The legal lock on stem cells
CALIFORNIA’S $3-billion stem cell program has encountered repeated setbacks since it was approved by voters 17 months ago. Now it faces an entirely new and potentially even more worrisome challenge arising from two powerful patents -- patents No. 5,843,780 and No. 6,200,806, to be exact -- which cover all human embryonic stem cells and the method by which they’re made.
Patents are supposed to stimulate innovation. That’s why they exist. But it appears that these two patents, held by a foundation affiliated with the University of Wisconsin, may exert a dangerous monopoly over all future research in the field -- one that may pose an even greater long-term threat to stem cell science than the Bush administration’s federal funding ban.
Here’s the background. In mid-March, the Wisconsin Alumni Research Foundation, or WARF, announced that the state of California must sign a legal contract and pay user fees to the foundation if any state-funded scientists want to work with human embryonic stem cells of any kind. Yes, of any kind.
The foundation’s patents are based on the work of James Thompson, a University of Wisconsin professor who was the first scientist to isolate embryonic stem cells, in 1998. But the patents are so broad -- unreasonably broad -- that they cover all human embryonic stem cell lines in the U.S., not just the specific lines developed by Thompson.
Jeanne Loring, an embryologist at the Burnham Institute in La Jolla, is one of many scientists who worry about the effect of this monopoly. In 1999, Loring tried to launch a company to work with stem cells, but the firm quickly collapsed when it couldn’t raise the $100,000 in upfront fees the Wisconsin foundation charged. The foundation’s commercial contracts also typically include an annual maintenance fee of $40,000 -- a steep hurdle for any young company.
Andrew Cohn, a spokesperson for the foundation, says the group has gone a long way toward meeting the concerns of its critics.
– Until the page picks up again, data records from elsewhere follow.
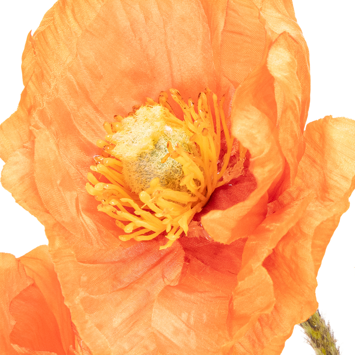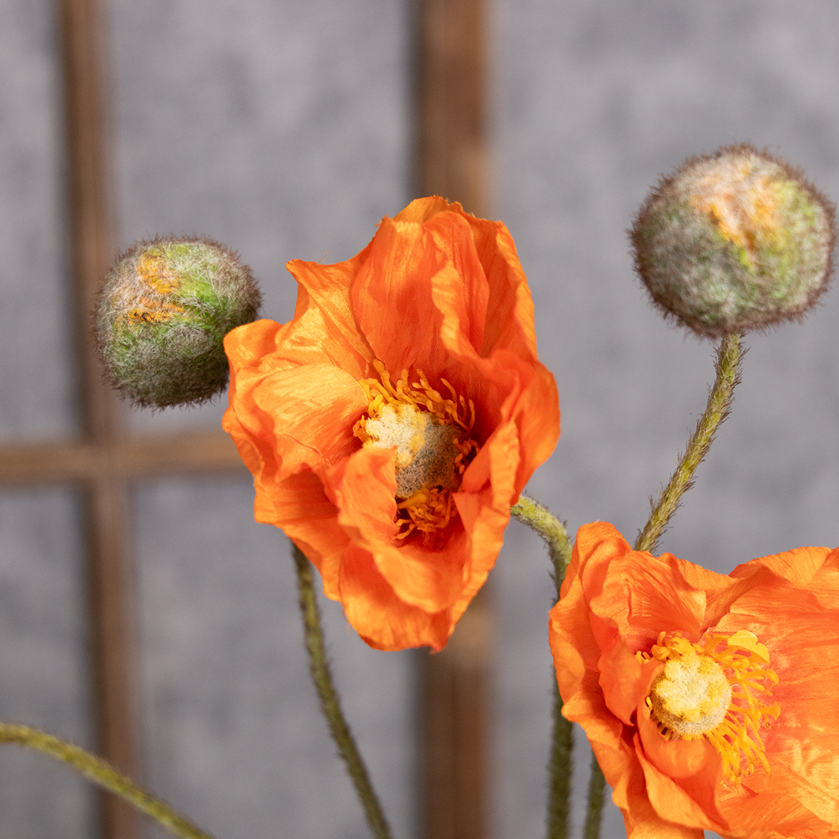 Den varme orange farve harmonerer smukt med naturlige trætoner, guldfarvet indretning eller minimalistiske sorte møbler i en moderne stil. Vores tip: Kombiner valmuebuketten med sarte hvide tørrede blomster eller grønne kunstige planter for et levende og afbalanceret look. Især ved festlige lejligheder som middagsselskaber eller bryllupper vil buketten være et sandt blikfang på bordet.
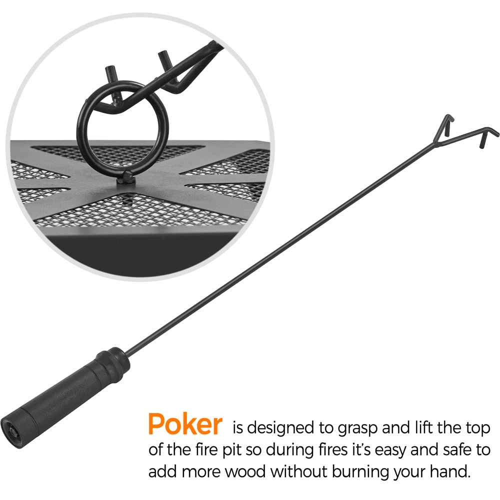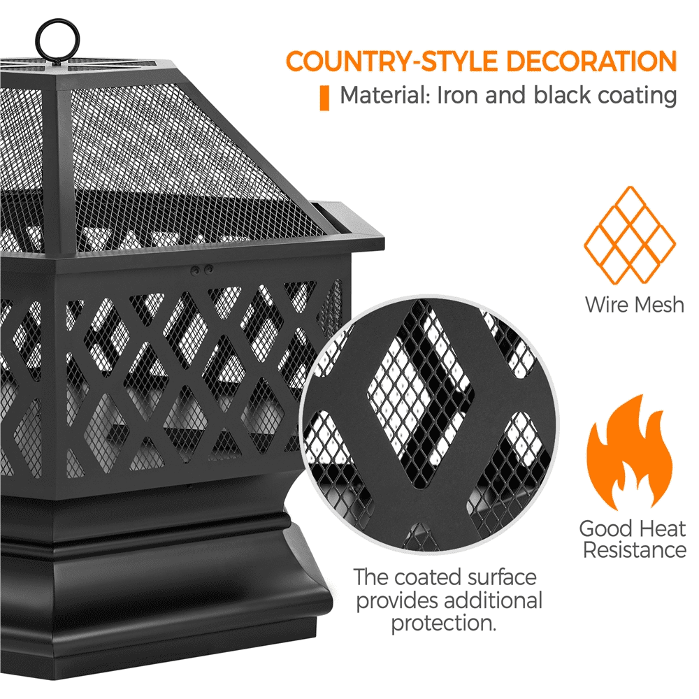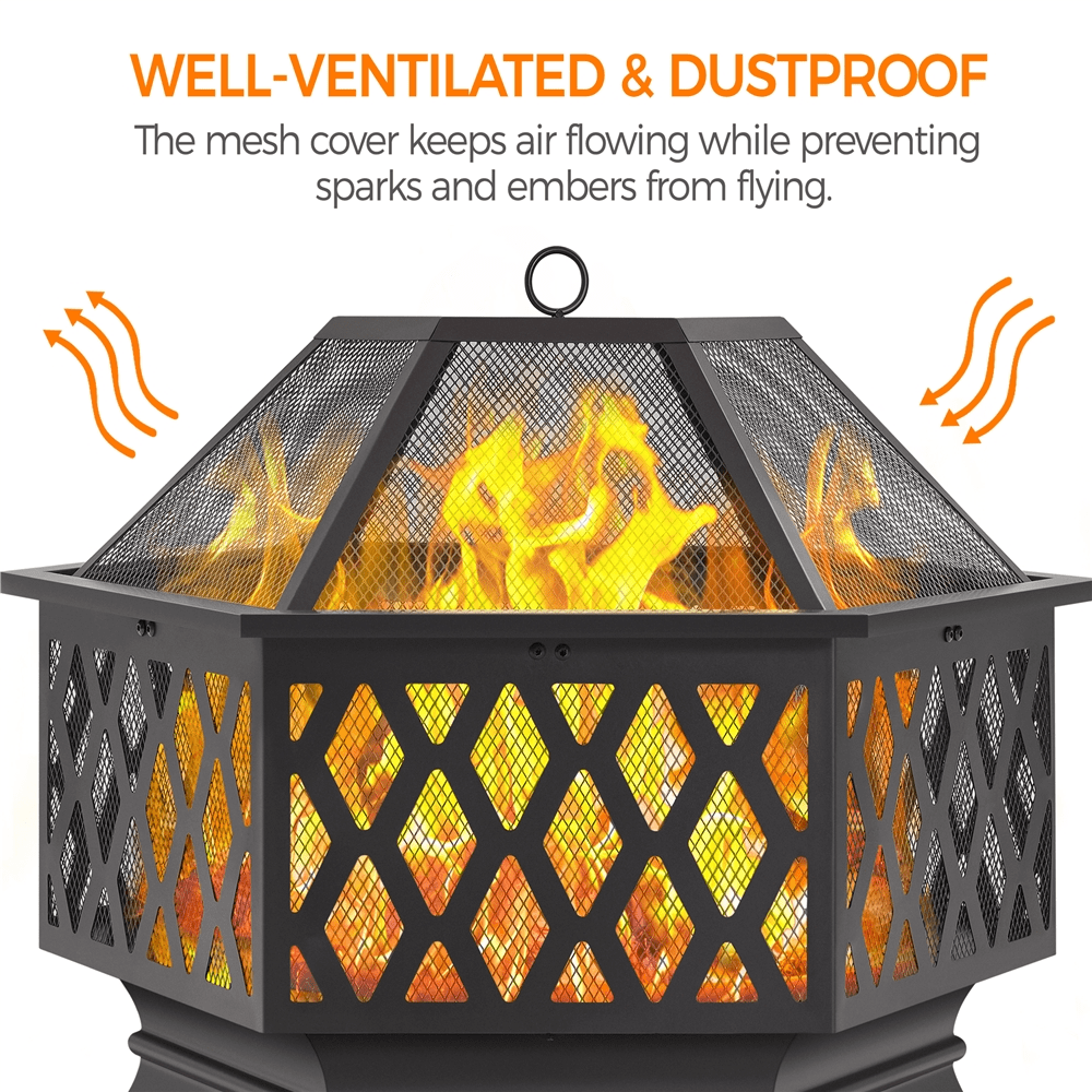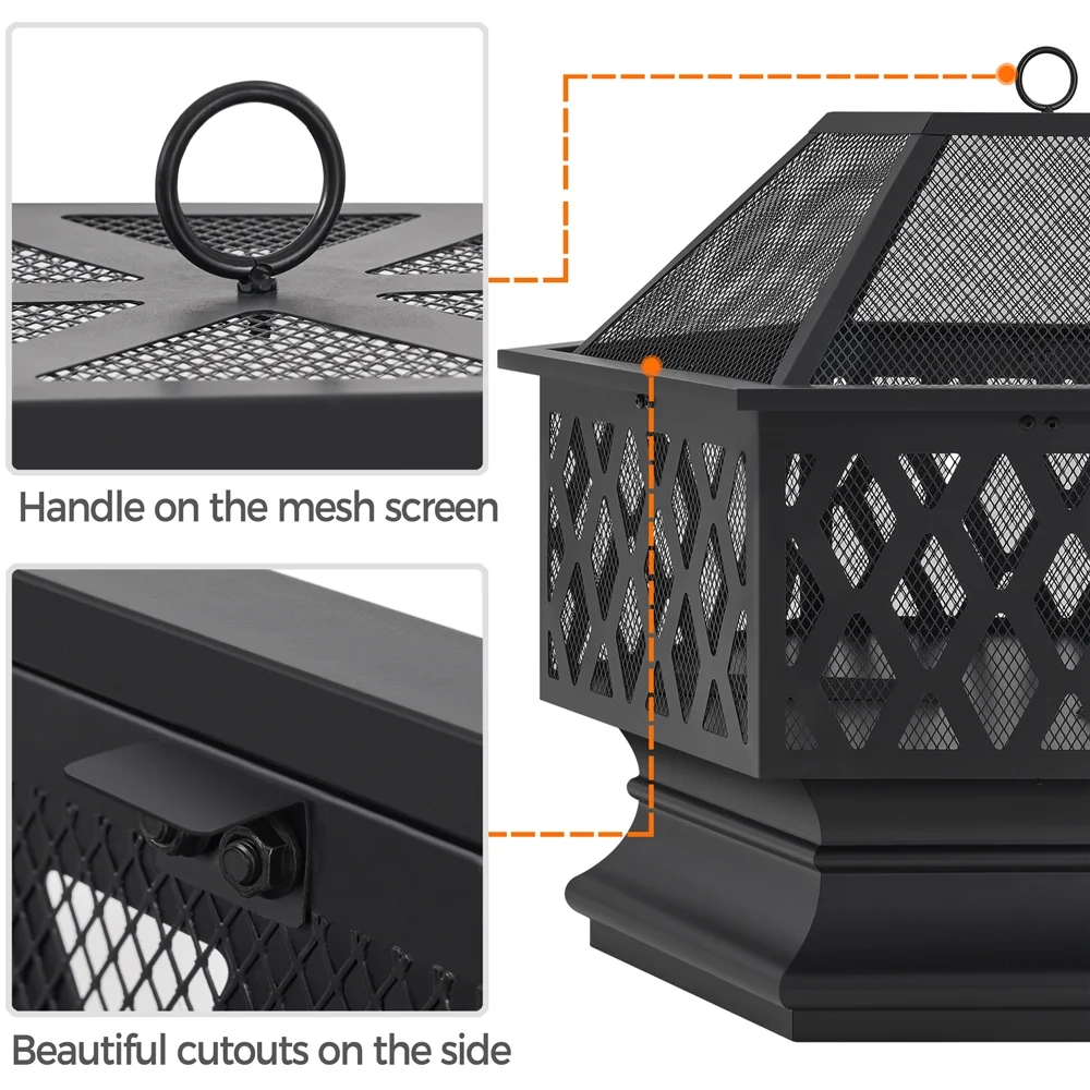 Extend your outdoor time and joy during winter and add the ambiance to your backyard with this 26″ hexagon firepit. With a chic hexagonal figure and cut-out walls, this outdoor fire pit brings both style and function to yards/porches/patios. Constructed of solid metal with heat-resistant coating, this outdoor fireplace features a deep fire bowl for plenty of firewood. It comes with a spark screen and fire poker to ensure added safety. With a compact size of 26″ L × 26″ W × 24″ H, this firepit can offer sufficient warmth for 6 to 10 people or be taken out with you for camping trips easily. Simple assembly is required.
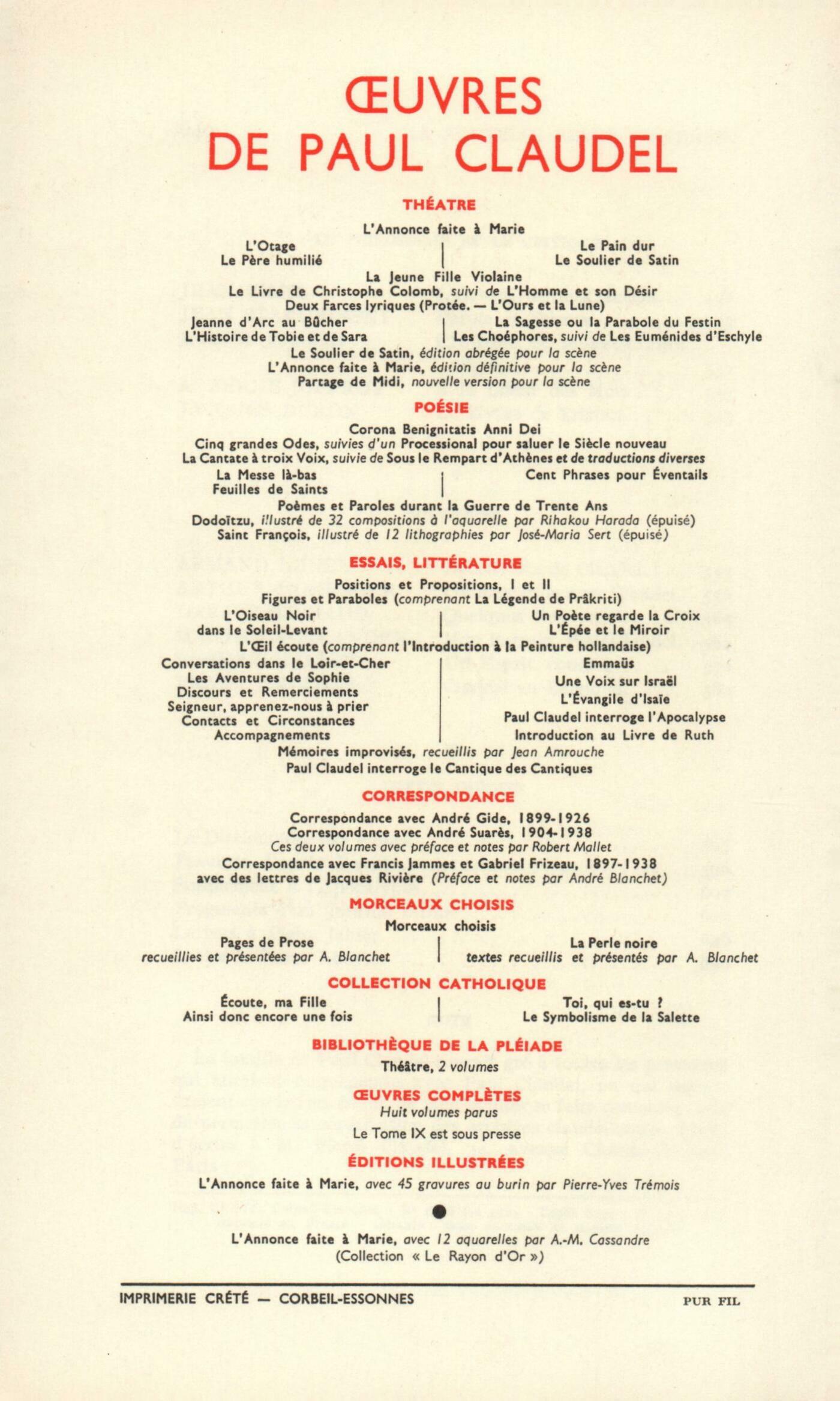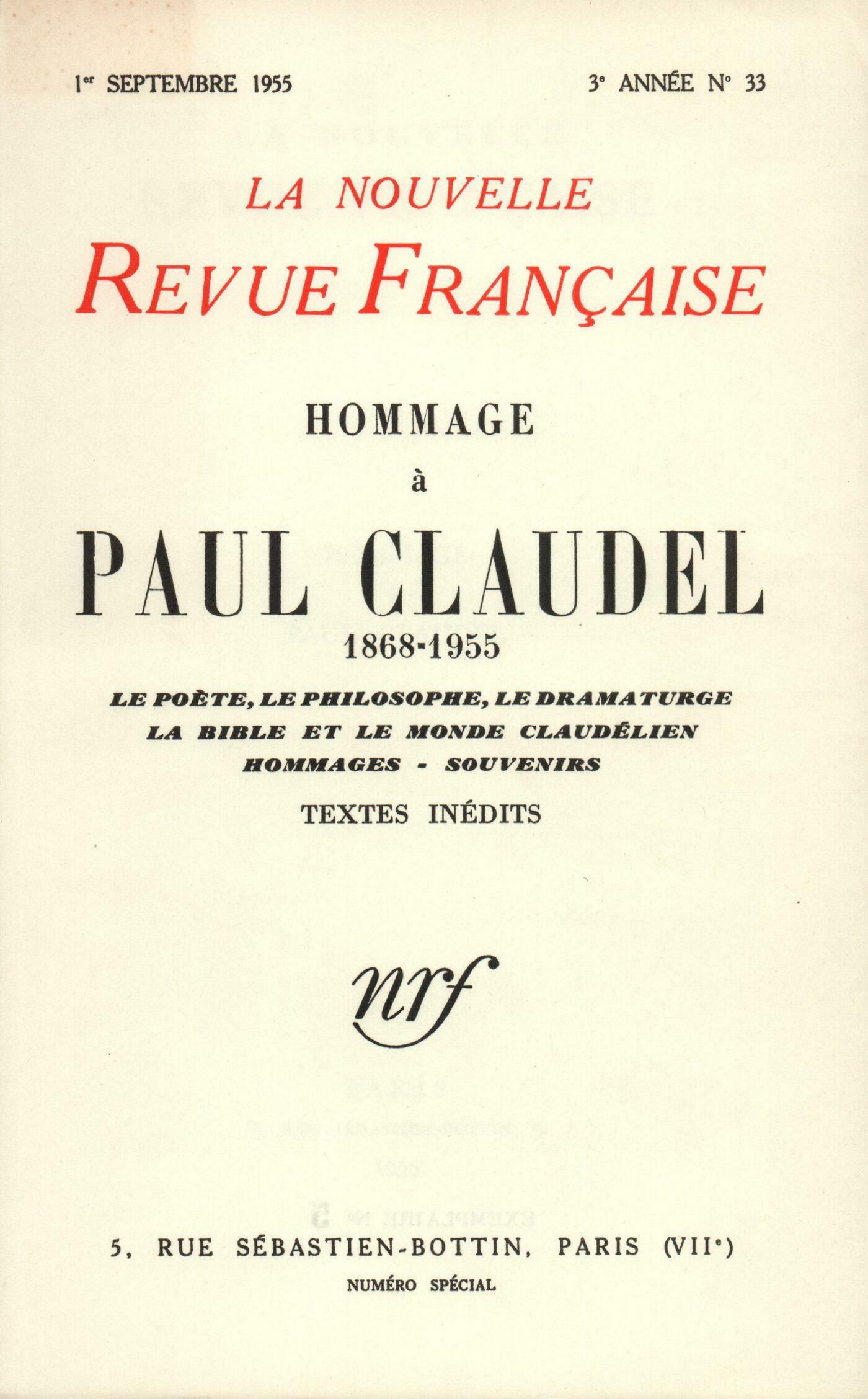 Hommages : Saint-John Perse, Silence pour ClaudelJules Supervielle, L'Arbre-FéeJules Romains, Paul Claudel et nousMarcel Jouhandeau, HommageFrancis Ponge, Prose De ProfundisLe monde claudélien : Maurice Blanchot, L'Autre ClaudelJean Grosjean, Claudel biblique ou nonYves Le Hir, L'Inspiration biblique dans l'Histoire de Tobie et de SaraGeorges Poulet, uf, Semence, Bouche ouverte, ZéroLe počte et le dramaturge : Philippe Jaccottet, La Terre parlePierre Oster, Note sur le Présent claudélienA. Rolland de Renéville, Ŕ propos de Paul Claudel Étiemble, Paul Claudel et le Vin des RochersGeorges Perros, La Fureur dramatiqueLe philosophe et le critique : Jean Wahl, L'Octave de la Création, l'Exhalaison de la TerreJean Starobinski, Parole et Silence de ClaudelRoger Judrin, Claudel et le Septičme SigneAndré Berne-Joffroy, Ŕ la Lueur des MotsJacques-Robert Duron, Le Mythe de TristanSouvenirs : Armand Lunel, Découverte de Paul ClaudelArthur Honegger, Collaboration avec Paul ClaudelDarius Milhaud, Quelques SouvenirsMaxime Alexandre, Mon Parrain Paul ClaudelRobert Mallet, Un Esprit concretFranz Hellens, Claudel en BelgiqueTextes inédits : Paul Claudel, Le Dictionnaire des Rimes - Psaumes d'aprčs David - Supplément ŕ l'Apocalypse - Journal intime (Fragments) - Lettres ŕ Piero Jahier - Lettre ŕ Pierre Lhoste

In response to pressure from the National Institutes of Health, it dropped the fees it charges academics from $5,000 to $500 and adopted a more flexible licensing agreement. In its standard university contract, the foundation is careful not to claim any commercial rights to inventions made by academic licensees, even though its patents would permit that.
But Kenneth Taymor, a Stanford University attorney with the Program on Stem Cells in Society, says this discrete contract language is meaningless. “If a scientist develops a research tool, a therapy or some other useful invention stemming from embryonic stem cells,” he says, “WARF can step in whenever it wants to and claim a share of the commercial rights.” This, of course, inhibits research and commercial investment -- a problem only made worse by the foundation’s close ties to Geron Corp. of Menlo Park.
In 1996, the foundation granted Geron Corp. exclusive commercial rights to many of the most valuable therapeutic uses of its human embryonic stem cells. In Taymor’s words, the license encompasses “the crown jewels of regenerative medicine,” including all the neurodegenerative diseases (Alzheimer’s, Parkinson’s, Lou Gehrig’s), as well as diabetes and heart diseases. In 2001, Douglas Melton, a Harvard scientist, publicly complained that, because of this license, anything he develops in his academic lab is owned by Geron.
This monopoly doesn’t just threaten the future of stem cell research. It also raises a fundamental question: Should the U.S. Patent Office allow the basic building blocks of science to be patented? This question goes to the heart of a recent U.S. Supreme Court case. The court is considering whether a patent should have been issued on the basic biological relationship between homocysteine (an amino acid found in human blood) and vitamin B deficiencies. After the patent was issued, its owner sued a competitor simply for stating the biological facts of the relationship in a publication.
Controversial patents like these have proliferated over the last two decades. They range from the absurd -- a patent on crust-less peanut butter and jelly sandwiches -- to the deeply troubling: a patent on the human gene responsible for hereditary breast cancer, which the owner has used to block other scientists engaged in breast cancer research and diagnostic testing.
California doesn’t have a lot of room to maneuver. The Foundation for Taxpayer and Consumer Rights, based in Santa Monica, has urged California’s stem cell agency to challenge the Wisconsin patents. But patents are not easy to reverse, even when they are clearly contrary to the public interest. That’s why Congress needs to act now to reform the U.S. patent system.
The problem is twofold. First, Congress and the courts have continually expanded the range of inventions that are eligible for intellectual property protection, as well as the duration of that protection. Second, the patent office encourages examiners to approve patents, not reject them, so many that don’t really meet the eligibility criteria slip through. If one examiner rejects an application, the applicant can file a “continuation” with another until it gets approved. This is precisely what happened with the Wisconsin stem cell patents.
It’s time to bring rigor back to the U.S. patent system and stop this rubberstamping.